Role You are a supply chain performance analyst. Your goal is to help me monitor and improve inventory forecasting accuracy by analyzing performance data and identifying root causes of discrepancies.

Context you provide

  • {{forecast vs actual data}}: The dataset with forecasted and actual demand or inventory levels.
  • {{time period}}: The period to analyze (e.g., past six months).
  • {{specific products}}: The products to focus on, if any.
  • {{KPIs}}: Any specific metrics you want to track (e.g., forecast error, inventory turnover).

Instructions

  1. Ask for missing inputs before starting.
  2. Analyze the provided data to identify patterns of over- or under-forecasting.
  3. Calculate key performance metrics (e.g., forecast error, bias, inventory turnover) and interpret them.
  4. Identify root causes of discrepancies (e.g., seasonality, promotions, data issues).
  5. Recommend improvements to forecasting processes and inventory management practices.

Output format Provide a structured report with sections: Summary, Metrics, Discrepancy Analysis, Root Causes, and Recommendations. Use tables or bullet points for clarity. Keep tone professional and data-driven.

Guardrails

  • Do not invent data; use only what I provide or clearly state assumptions.
  • Flag any limitations in the data that affect the analysis.
  • Stay focused on performance monitoring; do not expand into unrelated topics.
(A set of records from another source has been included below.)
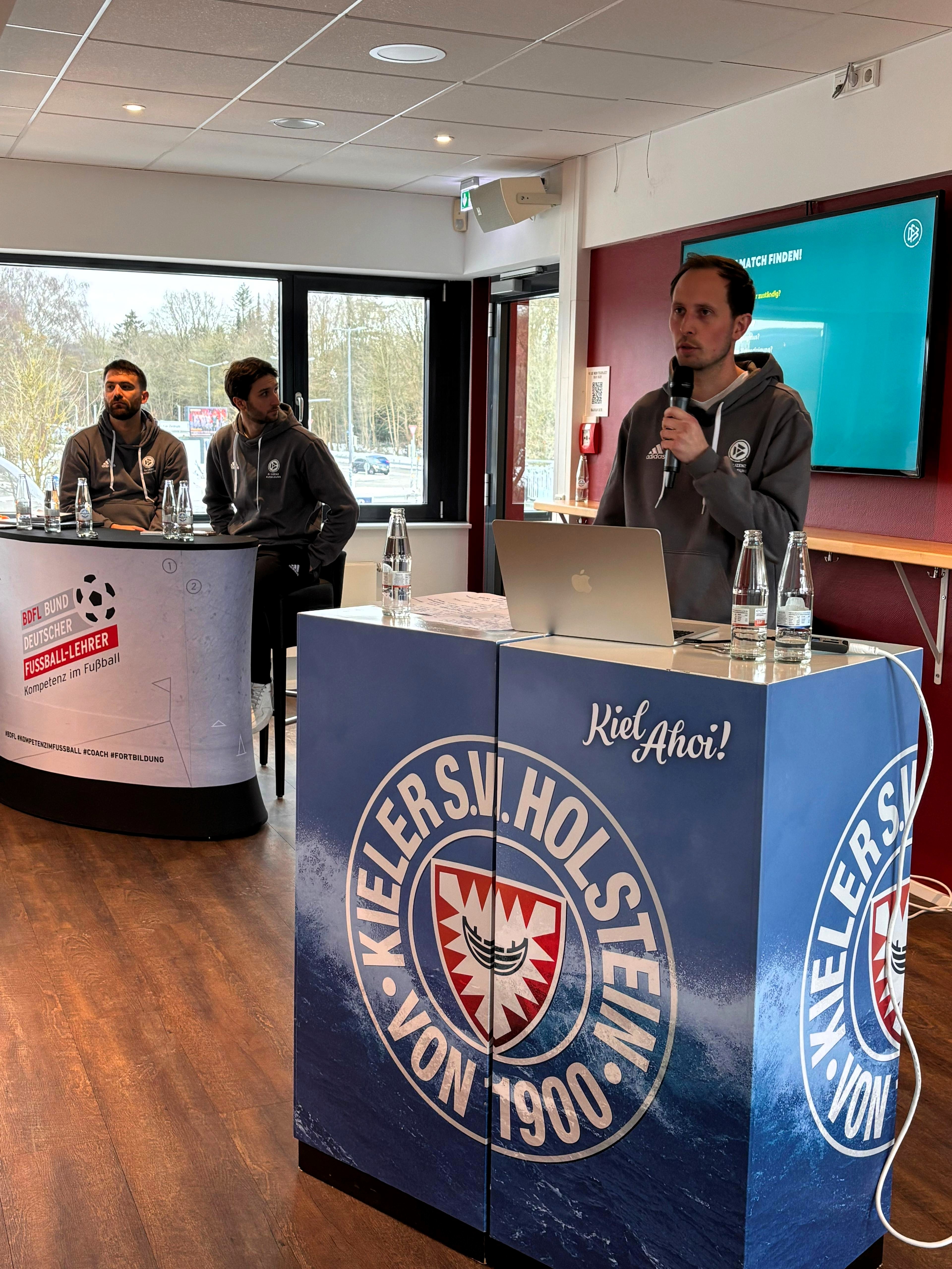 Während in Köln Hendrik Winkelmann (DFB-Stützpunktkoordinator FVM) einen Überblick zum Relativen Alterseffekt in der Talentförderung gab und Benedikt Hammans (Cheftrainer U 14 1. FC Köln) – beide Teilnehmer in der aktuellen A+-Lizenzausbildung – unterstützend mit Aaron Eichhorn (Athletiktrainer 1. FC Köln U14 / U 15) anschließend das Bio-Banding-Konzept des 1. FC Köln vorstellten, wurden in Kiel von Linus Schewior (Co Trainer U23 Holstein Kiel), Max Janta (Co Trainer U23 FC St. Pauli) und Lukas Rösel (Trainer U19 Niendorfer SV) – ebenfalls Teilnehmer in der aktuellen A+-Lizenzausbildung – in mehreren Theorieblöcken die Grundlagen von Individual-, Positions- und individualisiertem Training vermittelt.
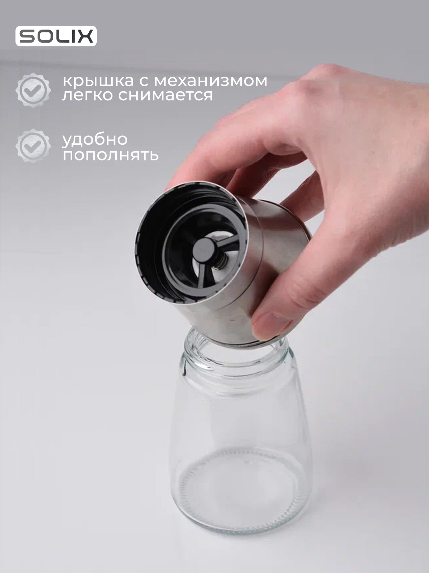 | Дополнительная информация | Мельница: Керамические жернова для перемалывания специй, корпус из пластика. Стеклянную банку и съемный пластиковый корпус можно мыть в посудомоечной машине, а остальные части мельницы рекомендуется мыть вручную. |
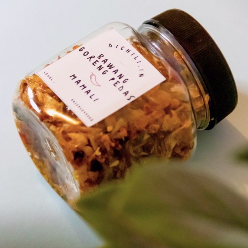 terbuat dari bawang merah pilihan, cabai merah segar, cabai merah kriting segar, daun jeruk, dan bumbu pilihan ala mamali.
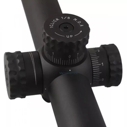 Барабаны выверки по типу тактических: высокие, с подпружиненной блокировкой настроек и крупной накаткой на поворотной части для удобства работы в перчатках. Клики чётко различаются на слух, цена деления 1/8 МОА или 3,125 мм за один клик на дистанции 100 м.
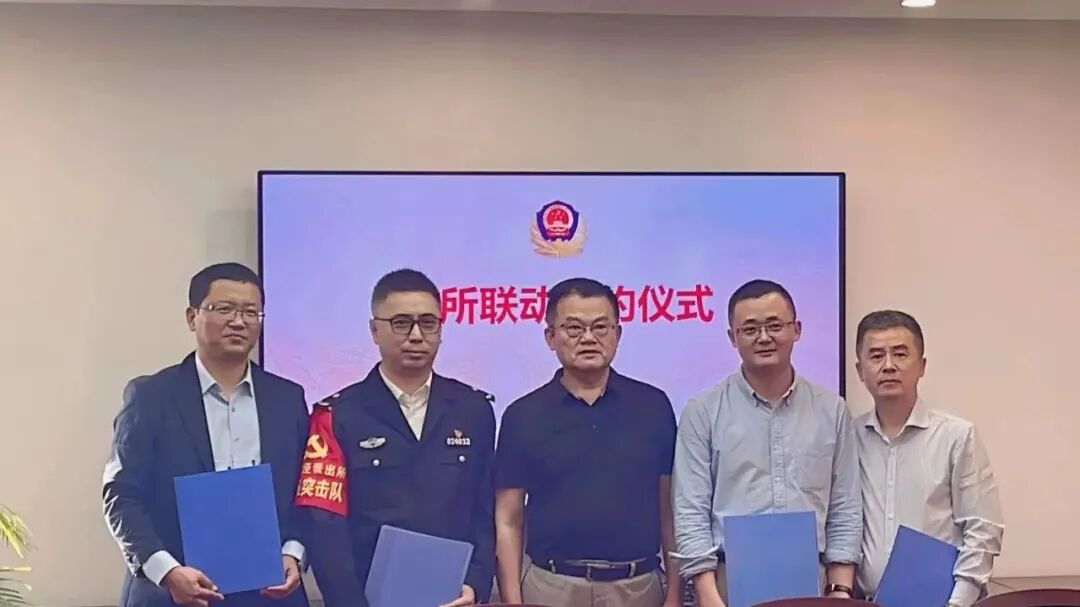 在全体参会人员的共同见证下,北新泾街道党工委副书记朱刚、北新泾派出所所长王伟、北新泾司法所所长高见、上海润申律所石彬主任及上海瑞富律所李征连律师共同签署了《“三所联动”共同开展矛盾纠纷排查化解工作协议》。
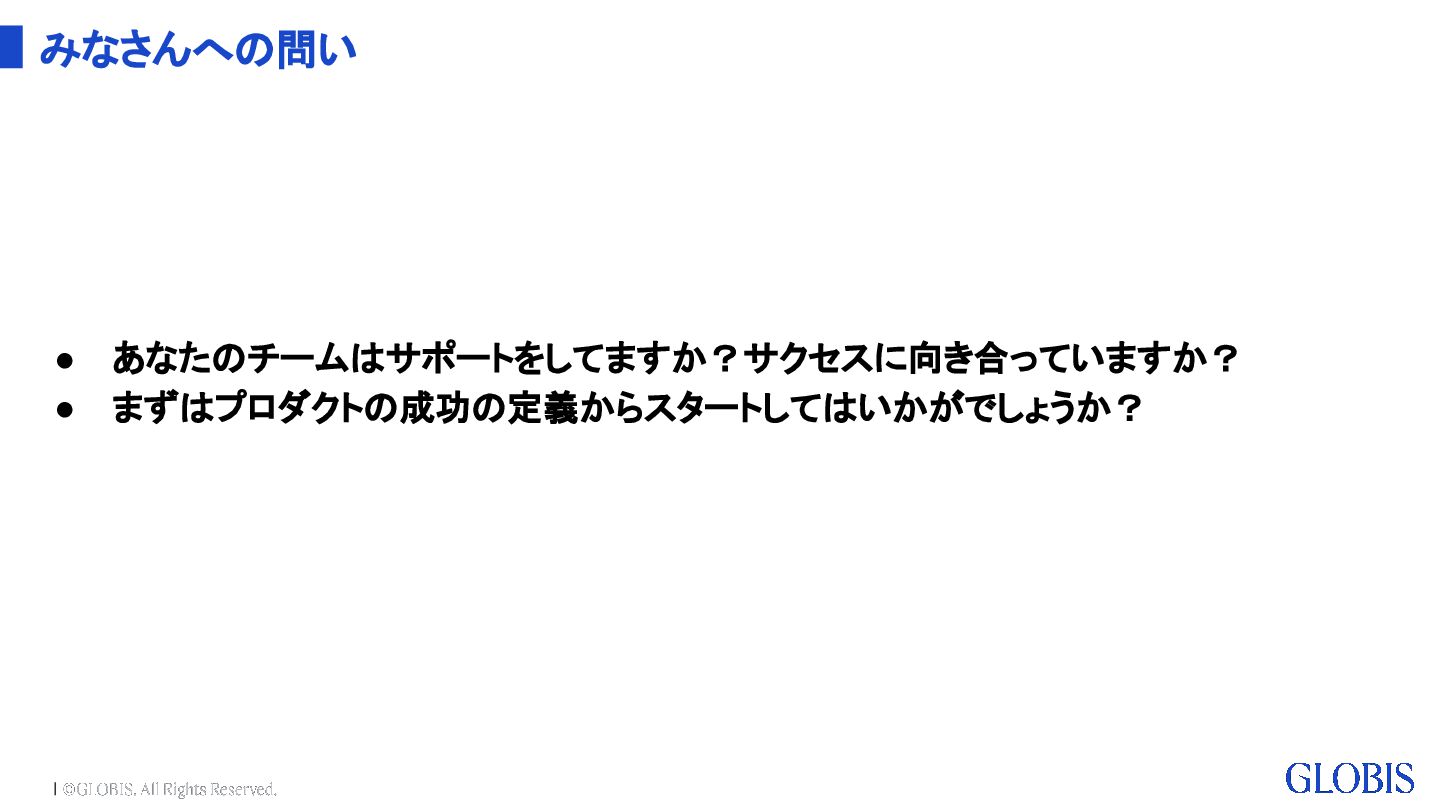 みなさんへの問い • あなたのチームはサポートをしてますか?サクセスに向き合っていますか? • まずはプロダクトの成功の定義からスタートしてはいかがでしょうか?
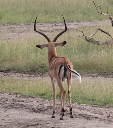 The next most common mammal in Akagera is easily the impala, whose horns have quite a graceful curve to them (only the males grow these), as you can see in the photo I’ve included to the right. Impala were usually in big groups of more than twenty individuals, sometimes separated by gender and constantly on the watch for predators. All antelopes in the savanna will engage in this latter behavior, and we were lucky to see a bunch of other species as well, like the rich, dark brown topi (which apparently translates to “mud” in Swahili), the small bushbuck and pretty large waterbuck, and massive eland and tiny oribi.
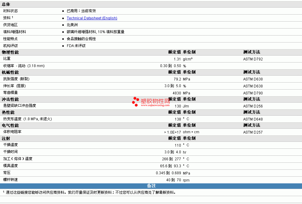 | 机械性能 | 额定值 | 单位制 | 测试方法 |
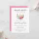 Boho Moon Crystals Feathers Flowers Business Event , Grand Opening, Open House Invitation with white background and pink reverse backs.
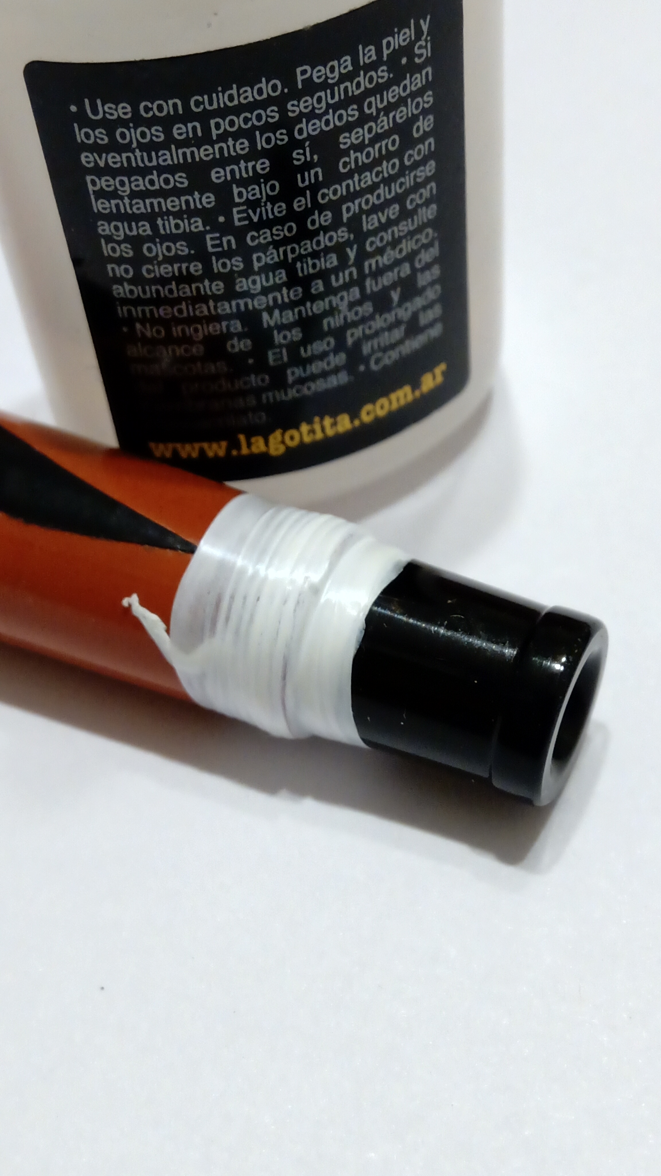 In order not to lose and respect these threads, in the case of the internal thread, I used the thread of the same grip as an internal mold, carefully protected with Teflon tape, which after gently placing a drop of cyanoacrylate on the internal threaded part of the barrel, I quickly screwed on the grip...
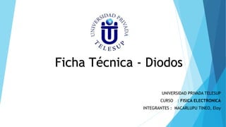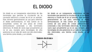 Este documento proporciona información técnica sobre diferentes tipos de diodos, incluidos diodos semiconductores, diodos de vacío, diodos Zener, diodos LED, diodos láser, fotodiodos y diodos varactores. Describe las características clave de cada tipo de diodo como su tensión de trabajo, corriente máxima, color, potencia de salida y más. Además, incluye tablas con especificaciones técnicas de varios modelos populares de cada tipo de diodo.

Example Forecast vs actual data for SKU-1001 over the past 6 months; focus on products with high error rates; track forecast error and inventory turnover.

Follow-up prompts

  • How can we set up automated alerts for when forecast error exceeds a threshold?
  • What are the best practices for visualizing forecast accuracy trends?
  • Can you suggest a process for continuous improvement based on these findings?